American Journal of Speech-Language Pathology
|April 19, 2017
Summary
Automated language environment analysis using the LENA System provides reliable estimates of early language exposure. These estimates reveal socioeconomic disparities in language interactions, crucial for identifying at-risk children.
Area of Science:
- Child Development
- Linguistics
- Speech-Language Pathology
Background:
- Early language exposure significantly impacts child development.
- Previous research indicated socioeconomic disparities in language environments.

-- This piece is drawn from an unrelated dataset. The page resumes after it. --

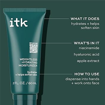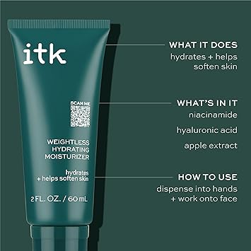 ITK Skincare Weightless Hydrating Face Moisturizer - Hydrates + Smoothes Skin - Niacinamide - Brighten Dark Spots - Hyaluronic Acid - Maintain Moisture Levels - Vitamin E-infused, 2 fl. oz

- Automated analysis offers a scalable method for assessing language environments.
Purpose of the Study:
- Standardize automated language environment estimates.
- Validate automated estimates against established language assessments.
- Investigate socioeconomic differences in early language exposure.
Main Methods:
- Longitudinal, daylong recordings of typically developing children (2-48 months).
- Analysis of 3,213 recordings using the Language Environment Analysis (LENA) System.
- Estimation of adult words, caregiver-child interactions, and child vocalizations.
Main Results:
- Child vocalizations and turn-taking increased with age.
- Automated estimates predicted 7%-16% of language assessment score variance.
- Lower socioeconomic status children had reduced language exposure and interaction, with high within-group variability.
Conclusions:
- Automated language environment analysis offers valuable insights.
- Findings highlight clinical implications for identifying children at risk for language delays.
- Early language environment characteristics are linked to developmental outcomes.